- [GOAL OF THE EXERCISE] Provide the data again in its entirety, exactly as given.
EXERCISE MATERIAL START
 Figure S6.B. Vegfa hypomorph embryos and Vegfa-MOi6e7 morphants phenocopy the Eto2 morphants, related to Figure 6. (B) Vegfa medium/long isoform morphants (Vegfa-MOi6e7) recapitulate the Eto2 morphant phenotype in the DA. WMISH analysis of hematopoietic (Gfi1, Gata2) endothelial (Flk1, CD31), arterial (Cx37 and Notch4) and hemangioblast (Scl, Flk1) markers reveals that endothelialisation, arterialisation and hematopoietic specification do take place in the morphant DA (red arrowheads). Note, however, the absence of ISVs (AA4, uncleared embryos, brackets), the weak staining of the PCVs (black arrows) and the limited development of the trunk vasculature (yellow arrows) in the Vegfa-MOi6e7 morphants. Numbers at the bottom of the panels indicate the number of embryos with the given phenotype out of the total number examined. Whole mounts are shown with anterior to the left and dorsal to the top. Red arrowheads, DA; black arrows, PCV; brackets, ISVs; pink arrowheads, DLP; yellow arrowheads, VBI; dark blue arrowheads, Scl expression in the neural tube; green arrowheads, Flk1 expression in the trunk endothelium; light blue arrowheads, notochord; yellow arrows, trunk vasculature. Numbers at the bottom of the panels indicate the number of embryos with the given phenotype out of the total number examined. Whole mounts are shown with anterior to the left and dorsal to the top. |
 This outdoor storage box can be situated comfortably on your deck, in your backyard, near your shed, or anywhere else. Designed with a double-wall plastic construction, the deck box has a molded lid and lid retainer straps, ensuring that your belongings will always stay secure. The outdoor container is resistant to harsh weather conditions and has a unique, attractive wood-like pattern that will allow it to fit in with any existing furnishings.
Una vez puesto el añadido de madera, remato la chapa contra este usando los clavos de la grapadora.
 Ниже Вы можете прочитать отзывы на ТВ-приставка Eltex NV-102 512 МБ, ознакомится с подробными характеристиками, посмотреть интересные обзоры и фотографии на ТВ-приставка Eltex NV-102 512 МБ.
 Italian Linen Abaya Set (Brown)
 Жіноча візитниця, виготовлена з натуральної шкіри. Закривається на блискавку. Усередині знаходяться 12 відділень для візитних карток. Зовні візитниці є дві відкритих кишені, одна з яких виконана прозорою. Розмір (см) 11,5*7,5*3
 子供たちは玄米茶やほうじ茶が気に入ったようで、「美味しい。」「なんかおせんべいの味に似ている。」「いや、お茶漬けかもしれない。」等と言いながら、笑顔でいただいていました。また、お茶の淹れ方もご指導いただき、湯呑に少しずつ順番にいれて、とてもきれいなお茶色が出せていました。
EXERCISE MATERIAL END
- [OUTPUT BELOW]
 Figure S6.B. Vegfa hypomorph embryos and Vegfa-MOi6e7 morphants phenocopy the Eto2 morphants, related to Figure 6. (B) Vegfa medium/long isoform morphants (Vegfa-MOi6e7) recapitulate the Eto2 morphant phenotype in the DA. WMISH analysis of hematopoietic (Gfi1, Gata2) endothelial (Flk1, CD31), arterial (Cx37 and Notch4) and hemangioblast (Scl, Flk1) markers reveals that endothelialisation, arterialisation and hematopoietic specification do take place in the morphant DA (red arrowheads). Note, however, the absence of ISVs (AA4, uncleared embryos, brackets), the weak staining of the PCVs (black arrows) and the limited development of the trunk vasculature (yellow arrows) in the Vegfa-MOi6e7 morphants. Numbers at the bottom of the panels indicate the number of embryos with the given phenotype out of the total number examined. Whole mounts are shown with anterior to the left and dorsal to the top. Red arrowheads, DA; black arrows, PCV; brackets, ISVs; pink arrowheads, DLP; yellow arrowheads, VBI; dark blue arrowheads, Scl expression in the neural tube; green arrowheads, Flk1 expression in the trunk endothelium; light blue arrowheads, notochord; yellow arrows, trunk vasculature. Numbers at the bottom of the panels indicate the number of embryos with the given phenotype out of the total number examined. Whole mounts are shown with anterior to the left and dorsal to the top. |
 This outdoor storage box can be situated comfortably on your deck, in your backyard, near your shed, or anywhere else. Designed with a double-wall plastic construction, the deck box has a molded lid and lid retainer straps, ensuring that your belongings will always stay secure. The outdoor container is resistant to harsh weather conditions and has a unique, attractive wood-like pattern that will allow it to fit in with any existing furnishings.
Una vez puesto el añadido de madera, remato la chapa contra este usando los clavos de la grapadora.
 Ниже Вы можете прочитать отзывы на ТВ-приставка Eltex NV-102 512 МБ, ознакомится с подробными характеристиками, посмотреть интересные обзоры и фотографии на ТВ-приставка Eltex NV-102 512 МБ.
 Italian Linen Abaya Set (Brown)
 Жіноча візитниця, виготовлена з натуральної шкіри. Закривається на блискавку. Усередині знаходяться 12 відділень для візитних карток. Зовні візитниці є дві відкритих кишені, одна з яких виконана прозорою. Розмір (см) 11,5*7,5*3
 子供たちは玄米茶やほうじ茶が気に入ったようで、「美味しい。」「なんかおせんべいの味に似ている。」「いや、お茶漬けかもしれない。」等と言いながら、笑顔でいただいていました。また、お茶の淹れ方もご指導いただき、湯呑に少しずつ順番にいれて、とてもきれいなお茶色が出せていました。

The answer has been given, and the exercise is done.